Markov Generator: A Markov process is a weak solution to the SDE (1) if its infinitesimal generator is L. That is, if the transition function is Pt then,

\displaystyle \lim_{t\rightarrow0}t^{-1}(P_tf-f)=Lf

for suitably regular functions f.

Backwards Equation: For a function f: ℝn × ℝ+ → ℝ, f(t, Xt) is a local martingale if and only if it solves the partial differential equation (PDE)

\displaystyle \frac{\partial f}{\partial t}+Lf=0.

Consequently, for any time t > 0 and function g: ℝd → ℝ, if we let f be a solution to the PDE above with boundary condition f(x, t) = g(x) then, assuming integrability conditions, the conditional expectations at times s < t are

\displaystyle {\mathbb E}[g(X_t)\;\vert\mathcal F_s]=f(X_s,s).

If the conditions are satisfied, this describes a Markov process and gives its transition probabilities, describing the distribution of X and implying uniqueness in law.

Forward Equation: Assuming that it is sufficiently smooth, the probability density p(t, x) of Xt satisfies the PDE

\displaystyle \frac{\partial p}{\partial t}=L^Tf.
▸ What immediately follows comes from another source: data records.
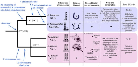 Mulugeta et al. [] suggested two independent losses of the Y for two studied species, E. lutescens and E. talpinus, and genetic predisposition toward development of a new sex-determination system in the common ancestor of mole voles. The lack of data for other species could restrict or even lead to an incorrect interpretation of the obtained results. Here, data are presented on meiotic behavior of sex chromosomes for four species. These results challenged the opinion that the Y chromosome was lost in the common ancestor of all Ellobius. Earlier, it was supposed [,], and, now, more evidence has been established for an independent loss of Y chromosomes in E. lutescens and in the subgenus Ellobius after their separation. It is believed that two subgenera (Bramus and Ellobius) developed different pathways of copying Y-linked genes and elimination of the entire Y chromosome. Along with Y chromosome evolution, Xs demonstrate their own changes in subgenera. The subgenus Bramus X chromosomes are submetacentrics, albeit E. lutescens keeps a single X in both sexes, while E. fuscocapillus maintains the XX–XY system.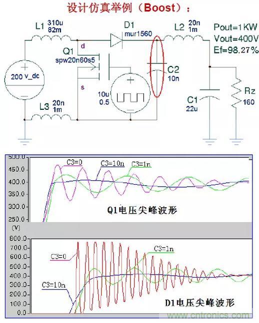引起電壓尖峰的電流可能是:拓撲電流、二極管反向恢復電流、不恰當?shù)闹C振電流等。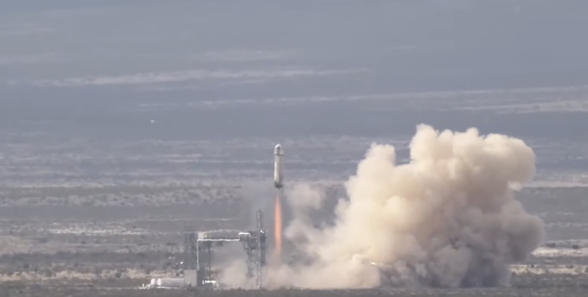 New Shepard lifted off at 11:42 a.m. Eastern from Blue Origin’s Launch Site One in West Texas. The capsule landed under parachutes 10 minutes and 13 seconds later, after reaching a peak altitude of 107 kilometers, while the propulsion module landed vertically using its engine nearly three minutes earlier.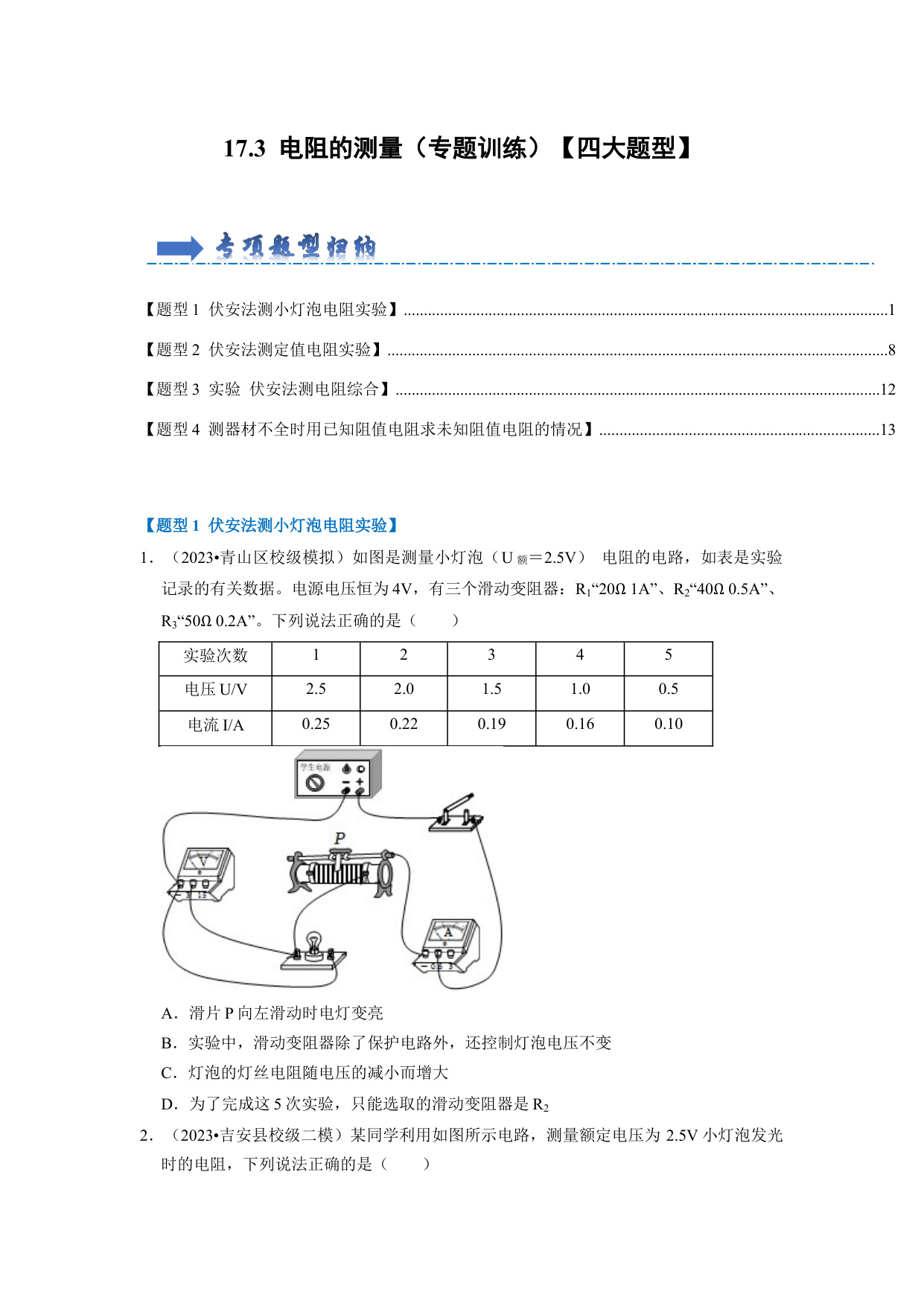 【人教版】九全物理同步练习 17.3 电阻的测量(专题训练)【四大题型】(原卷版)

where LT is the transpose of operator L

\displaystyle L^Tp=\frac12(a_{ij}p)_{,ij}+(b_ip)_{,i}.

If this PDE has a unique solution for given initial distribution, then this uniquely determines the distribution of Xt. So, if unique solutions to the forward equation exist starting at every future time, it gives uniqueness in law for X.

Martingale problem: Any weak solution to SDE (1) satisfies the property that

\displaystyle f(X_t)-\int_0^t Lf(X_s)\,ds

is a local martingale for twice continuously differentiable functions f: ℝn → ℝ. This approach, which was pioneered by Stroock and Varadhan, has many benefits over the other applications of operator L described above, since it applies much more generally. We do not need to a-priori impose any properties on X such as being Markov, and as the test functions f are chosen at will, they automatically satisfy the necessary regularity properties. As well as being a very general way to describe solutions to a stochastic dynamical system, it turns out to be very fruitful. The striking and far-reaching Stroock–Varadhan uniqueness theorem, in particular, guarantees existence and uniqueness in law so long as a is continuous and positive definite and b is locally bounded.